Thank goodness it’s April and it has been such a relief to have this some lovely weather recently over recent weeks.
I know that most of you will have been bombarded with information about the Budget from the accountancy press, but if you need to know more about the VAT changes, then you can check it out here http://www.hmrc.gov.uk/budget2011/taxes-duties.htm on the HMRC website.
This month, I’ve concentrated on 3 specific issues in a bit more detail than usual as they could affect many of your clients:
* Changes to VAT recovery rules
One of the most important developments over recent months has been the introduction of new rules relating to input tax recovery. The changes came into effect in January, but HMRC have only recently issued detailed guidance in VAT Information Sheet 06/11 here http://tinyurl.com/42oxgfl.
The fundamental input tax principles haven’t changed, but the new rules mean that organisations who have both business and non-business expenditure – mostly charities and some educational establishments – have to change the way that they deal with VAT on non-business expenditure. The new rules also affect the recovery of VAT on goods or services acquired for both private and business – which would probably apply to owners of boats, planes and other large items.
The changes are as a result of the withdrawal of the Lennartz VAT accounting procedure. They include extending the VAT Capital Goods Scheme to planes, boats and other large value items and also changes to the payback/clawback provisions.
Please feel free to call me if you are at all confused about how to proceed. I personally have found the guidance challenging so I wouldn’t be at all surprised if others find it difficult to follow.
* Charities and Construction Work
The rules relating to VAT and construction are complicated. Even more so when they involve construction work for charities.
I’ve recently dealt with a situation where a charity has ended up with a £60k VAT bill on construction work, which could have been avoided or significantly reduced if the project had been designed differently. None of the professional parties involved – the accountants, the solicitors, or the builders, an established company, failed to recognise the potential to minimise or avoid the VAT cost. So the work was planned without any thought as to the potential VAT reliefs. And as the contract doesn’t adequately deal with VAT, both supplier and customer believe that the other party is liable to pay any VAT due.

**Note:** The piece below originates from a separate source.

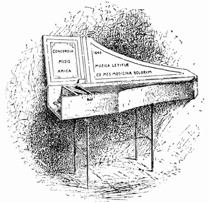 If you will look at this picture of the harpsichord on which Handel played, you will see that it is unlike the grand piano of our day. How does it differ? And yet for this simple instrument Handel wrote beautiful music. Some day you will play his Little Fugues and some of the dances from the Suites. [Pg 7]

After nearly 40 years since VAT was introduced, I still see examples of this sort of thing regularly and I’m so frustrated that none of the professionals involved gave proper attention to the issue of VAT either in terms of the wording of the contract, or the potential VAT reliefs.
This is a situation where VAT consultants can add real value and I really hope that it is a timely reminder to encourage you to take advice when any client, especially a charity, is planning construction work. Any one of us would be willing to have a no-obligation discussion about such situations, but you do have to bring us in at the planning stage to maximise the benefit from our advice.
* Zero-rated fish and chips?
The anticipation of VAT free fish and chips put a spring to the steps of UK VAT consultants last month!
We all got a bit excited last month when the ECJ ruling in Manfred Bog which dealt with the VAT liability of certain catered food supplies was released. The word on the street was that it meant that take-out fish and chips should be zero-rated.
I’ll admit, I was a bit excited when I first heard the news, picturing a life-long supply of free fish and chips from my local chippie as a result of a big VAT refund and a shiny new car funded by the proceeds from lots of contingency fees!
Unfortunately this isn’t the case. As always, the devil of these rulings was in the detail and as far as I can see, the principle part of the decision doesn’t have any direct bearing on UK rules. This is because the UK zero-rating and the German treatment of food are based on different parts of the EC legislation, and the ECJ’s decision concerned the German rules. HMRC have since confirmed that they have no intention of accepting that take out fish and chips or other catered/hot food is zero-rated as a result of the ruling
However, there was one aspect of the ruling that may still have implications in the UK. Much of the technical dicussion in the judgement concerns the application of the composite supply rules and I think that the implications of this aspect of the ruling could still be used to challenge the VAT liability of catered food in the UK. But it is a somewhat unusual way of applying this particular principle and I certainly wouldn’t advise to submitting protective claims for overpaid VAT at this stage and it’s probably not worth getting your clients’ hopes up. And of course the unjust enrichment rules would apply so it won’t be an easy process even if HMRC accepts that VAT has been overpaid.
I will, of course, keep an eye on developments following this judgement and let you know if and when I’d recommend taking any such action.
And finally…
The VAT world is very busy and HMRC are issuing new versions of the public notices to keep up with the 20% VAT rate and other changes, so do keep an eye out on teh HMRC website for revised notices that might affect you or your clients. Some of the most recent include Notice 733: VAT Flat Rate Scheme and Notice 60: Intrastat General Guide. VAT Info sheet 08/11 has new guidelines for calculating VAT on private use of company cars, so do check this out if you have any clients who may be affected.
If you’re stuck on anything in particular, please feel free to give me a call to discuss it on 0113 246 1668 or contact me at marie@vatexchange.co.uk.
And in the meantime, Happy Easter and I hope you enjoy the two long weekends we have coming up! I guess my invitation to the Royal Wedding has got lost in the post, but then that’s what big screen HD tvs are for!